DESCRIPTION OF THE TASK
Every record that follows must be duplicated exactly, with images left out.

· · · ·

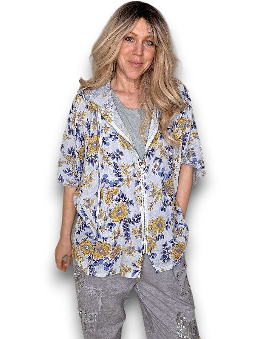 Free Sized. Composition: 100% Linen & Cotton ripped edge sleeve ends and shoulders. Made in Italy *Linen garments are hand dyed & printed. Imperfections may occur and is expected as part of the look*
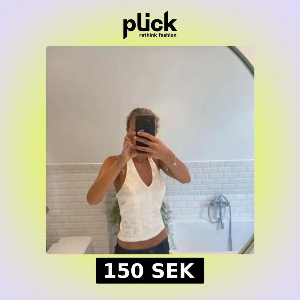 Säljer denna fina vita satintopp som man knyter i nacken. Eftersom man knyter den själv kan man välja hur högt upp urringningen ska sitta och hur croppad den ska vara nertill:) Den har även en dragkedja på sidan så den blir lätt att ta på och av. Storlek S. (Behöver strykas) Bara att skriva vid frågor eller funderingar💕
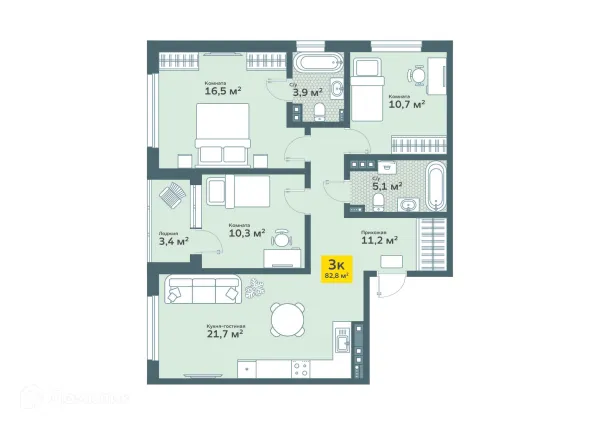 3 комн. квартира в Тюмени в ипотеку от 66 609 руб/месяц
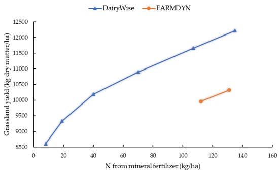 Figure 1 shows the response on mineral fertiliser N for a situation with a manure N rate of 270 kg manure N per ha grassland (applied slurry and excreted during grazing; situation in the baseline and scenario) for DairyWise. For the baseline, the effective N from manure and mineral fertiliser (about 215 kg N per ha) was 32% lower than the calculated N demand (315 kg N per ha, based on national fertiliser recommendations) []. The grassland N response relationship in DairyWise is used as input in Farmdyn to parameterise the relationship N input and grassland yield for the different grassland management options in Farmdyn. Consequently, this mimics the slope of DairyWise (Figure 1). Grassland yield in DairyWise refers to the field net yield, including feeding and storage losses and excluding field losses and the grassland yield in Farmdyn refers to feed intake, excluding feeding, storage, and field losses. Based on these response relationships and the price ratio between produced grass and mineral N fertiliser, Farmdyn calculates the optimal mineral fertiliser N rate, respecting the legally allowed levels of N from animal manure and total N from animal manure and mineral fertiliser.
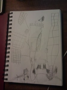 Well, Leo’s camp this morning was cancelled due to rain, which meant that my jealously-guarded 90 minutes of uninterrupted work time has gone out the window. I was able to work a little bit after I (with theatrics) got him on an imagination-fueled thought experiment about what it would be like to live in a colony on the moon, and what the buildings would need to look like and be made of, etc. He drew about seventeen pictures. Here is one of an observation tower:

· · · ·

EXPECTED ANSWER
 Free Sized. Composition: 100% Linen & Cotton ripped edge sleeve ends and shoulders. Made in Italy *Linen garments are hand dyed & printed. Imperfections may occur and is expected as part of the look*
 Säljer denna fina vita satintopp som man knyter i nacken. Eftersom man knyter den själv kan man välja hur högt upp urringningen ska sitta och hur croppad den ska vara nertill:) Den har även en dragkedja på sidan så den blir lätt att ta på och av. Storlek S. (Behöver strykas) Bara att skriva vid frågor eller funderingar💕
 3 комн. квартира в Тюмени в ипотеку от 66 609 руб/месяц
 Figure 1 shows the response on mineral fertiliser N for a situation with a manure N rate of 270 kg manure N per ha grassland (applied slurry and excreted during grazing; situation in the baseline and scenario) for DairyWise. For the baseline, the effective N from manure and mineral fertiliser (about 215 kg N per ha) was 32% lower than the calculated N demand (315 kg N per ha, based on national fertiliser recommendations) []. The grassland N response relationship in DairyWise is used as input in Farmdyn to parameterise the relationship N input and grassland yield for the different grassland management options in Farmdyn. Consequently, this mimics the slope of DairyWise (Figure 1). Grassland yield in DairyWise refers to the field net yield, including feeding and storage losses and excluding field losses and the grassland yield in Farmdyn refers to feed intake, excluding feeding, storage, and field losses. Based on these response relationships and the price ratio between produced grass and mineral N fertiliser, Farmdyn calculates the optimal mineral fertiliser N rate, respecting the legally allowed levels of N from animal manure and total N from animal manure and mineral fertiliser.
 Well, Leo’s camp this morning was cancelled due to rain, which meant that my jealously-guarded 90 minutes of uninterrupted work time has gone out the window. I was able to work a little bit after I (with theatrics) got him on an imagination-fueled thought experiment about what it would be like to live in a colony on the moon, and what the buildings would need to look like and be made of, etc. He drew about seventeen pictures. Here is one of an observation tower:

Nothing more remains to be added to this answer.